Jalapathy Gudelli of Telugucinema.com rated the film 3/5 and wrote, "While it has its share of pacing issues, the film offers a refreshing take on the sports genre. Abhilash Reddy deserves credit for introducing motocross to Telugu cinema and blending it effectively with sentiment." Yashaswini Sri of The Indian Express wrote, "When the sport is front and centre, it is a genuinely thrilling watch, one that justifies every rupee spent on the racing sequences. But the drama holding those sequences together is routine, underdeveloped, and set to a score that does it no favours."

Sanjay Ponnappa of India Today rated the film 2.5/5 stars and wrote, "Biker has its moments, especially in its racing sequences and the emotional father-son dynamic that lands towards the end.
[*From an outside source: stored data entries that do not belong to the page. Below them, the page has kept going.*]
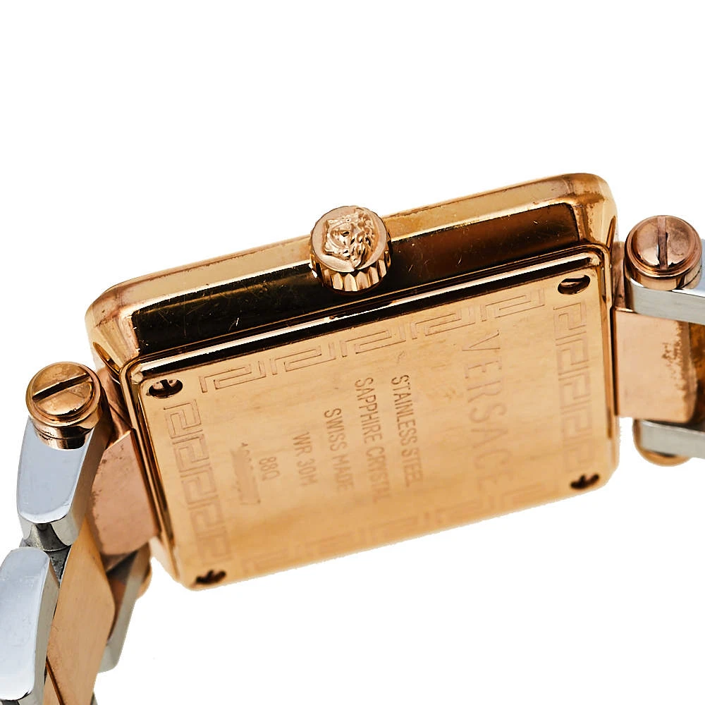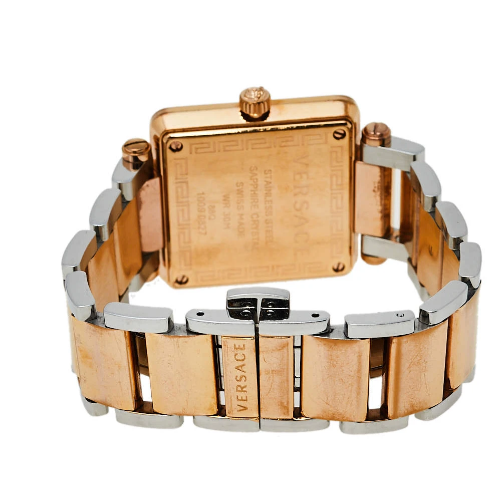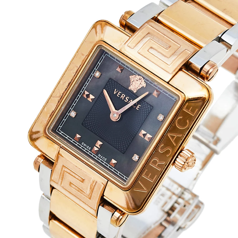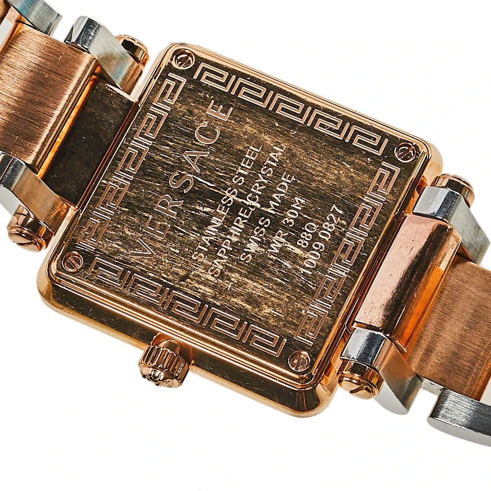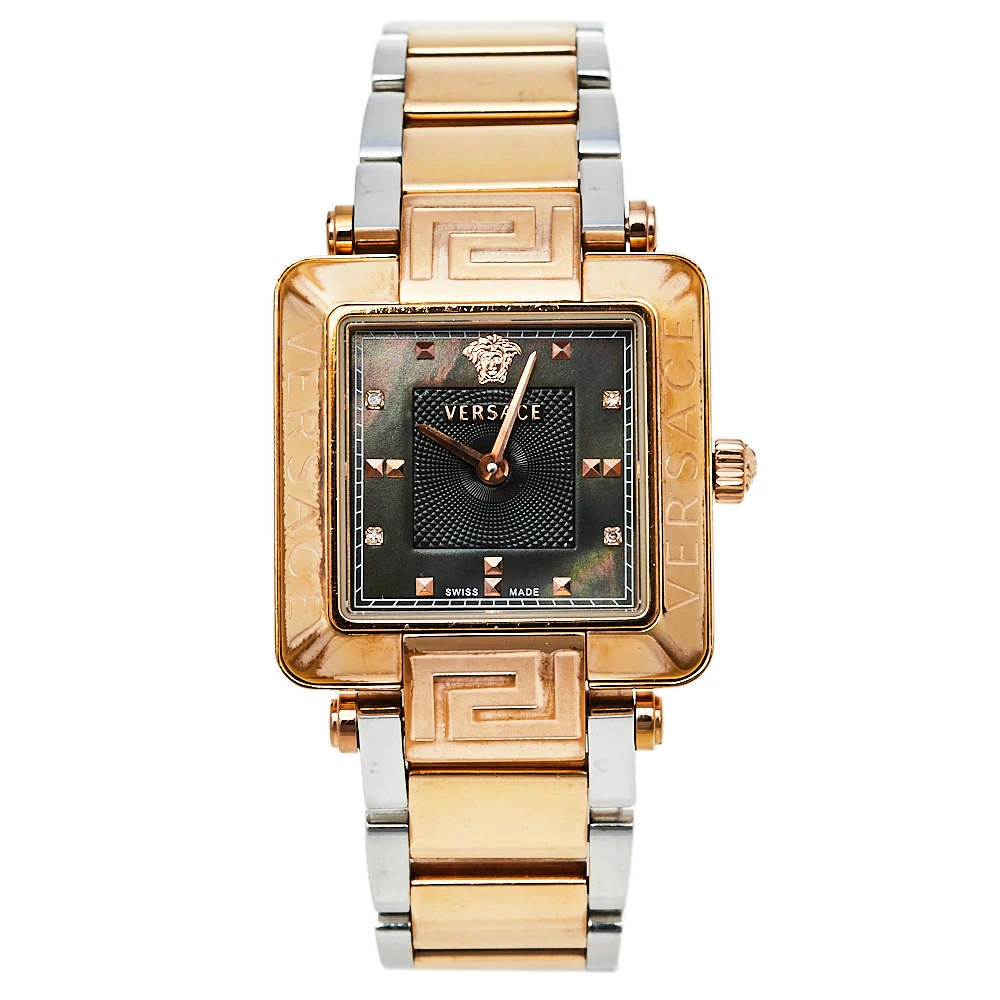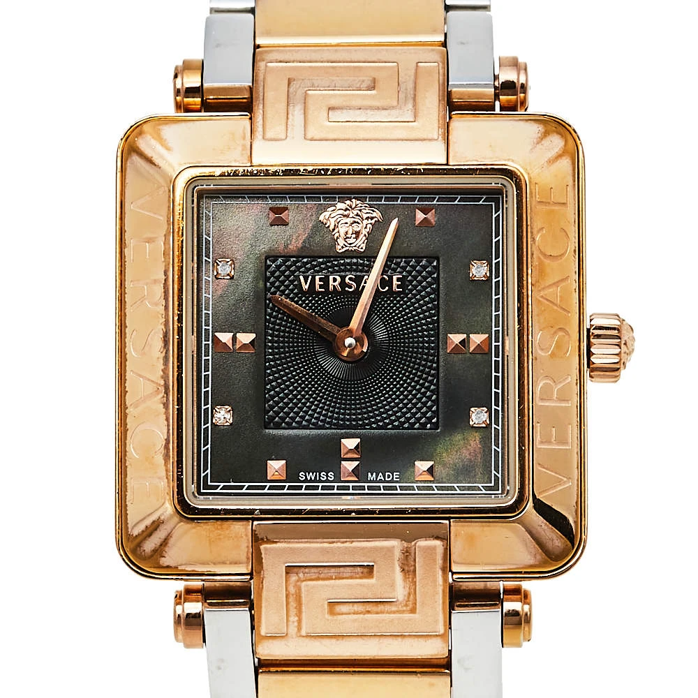 This Versace watch deserves to be added to your watch collection. Timeless and versatile, this watch can be worn for any occasion. It features a square mother of pearl dial and features two hands, markers, and the Medusa motif at 12 o’clock. This stunning piece is finished with a two-tone stainless steel chainlink bracelet. Make it a part of your everyday looks. (Note: The item may be restricted for shipping outside the UAE. Please contact us on [email protected] to check if the item can be shipped to your country.)
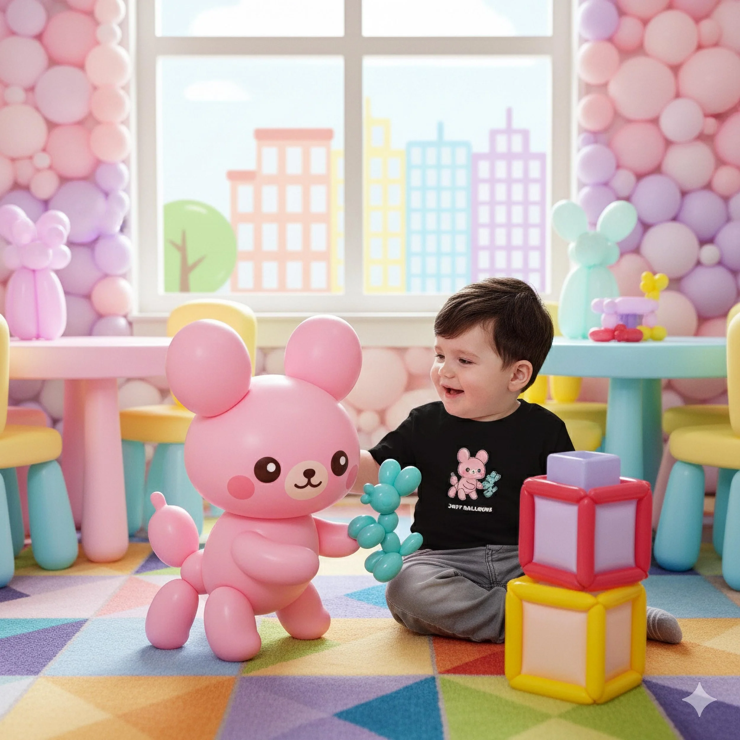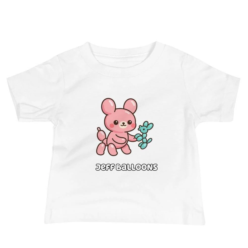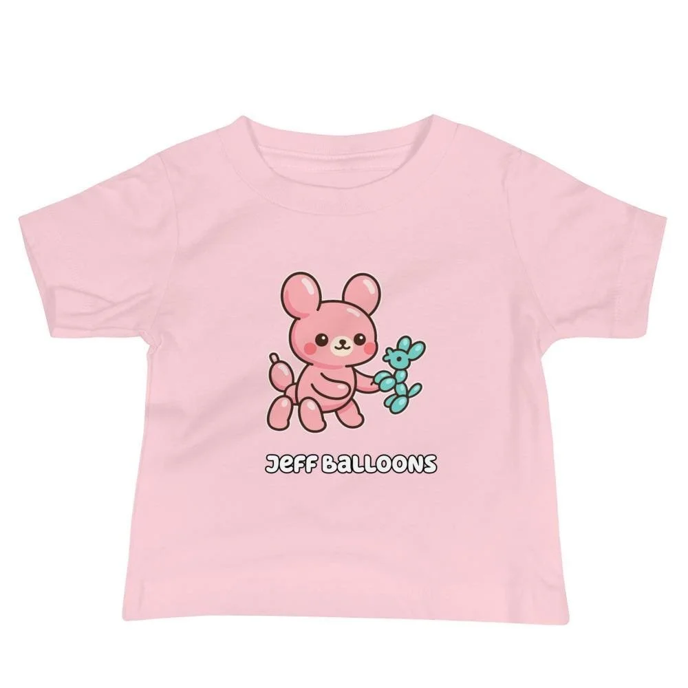 Ready for a playful art statement? This Jeff Balloons Baby Tee showcases a smiling pink balloon animal holding its cute blue balloon dog. The design is glossy, smooth, and fun, just like the famous sculptures it parodies. This shirt is a high-quality, eye-catching piece of wearable Pop Art. Key Features: Soft, durable cotton; easy on/off design; high-quality, unique print; a great gift for artistic parents.
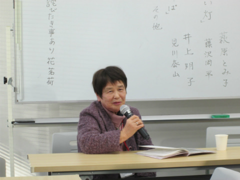 「朗読」では「七種の会」の方々に「彼女のこんだて帖」「夫婦の絆」「ラブミーテンダー」の3篇を朗読して頂きました。みなさん読み手として個々に異なる朗読の世界をお持ちで参加者一同魅了されました。
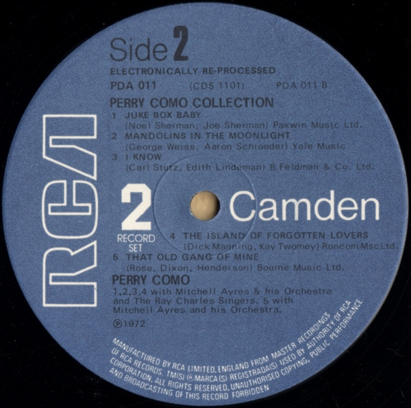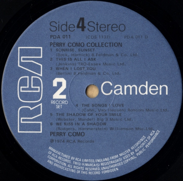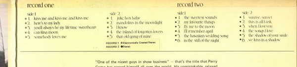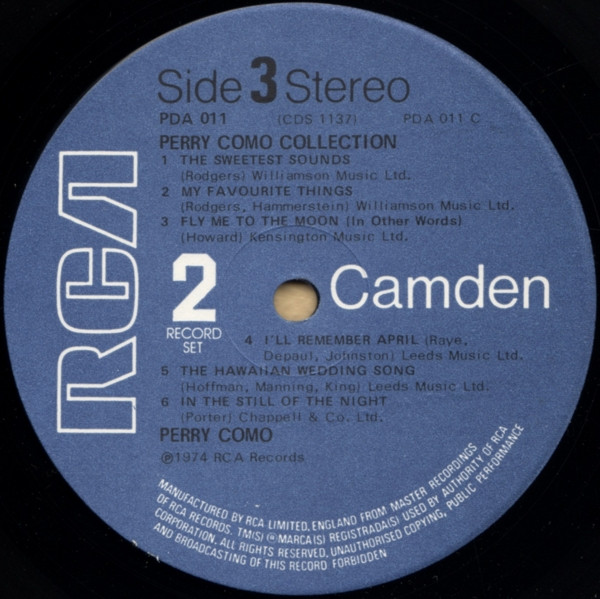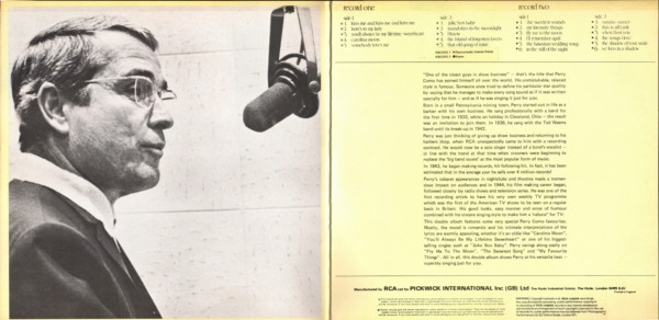 Similar to Perry Como - The Perry Como Collection but with extra printed text next to the side designation on the inner/right gate.

However, a predictable narrative, inconsistent engagement, and underwhelming drama hold it back from truly standing out." Sangeetha Devi Dundoo of The Hindu wrote, "Biker marks the return to form for Sharwanand, after a string of middling films. [...] On the whole, Biker is an engaging watch. Had it pushed itself to go beyond predictable turns, it could have been a standout film."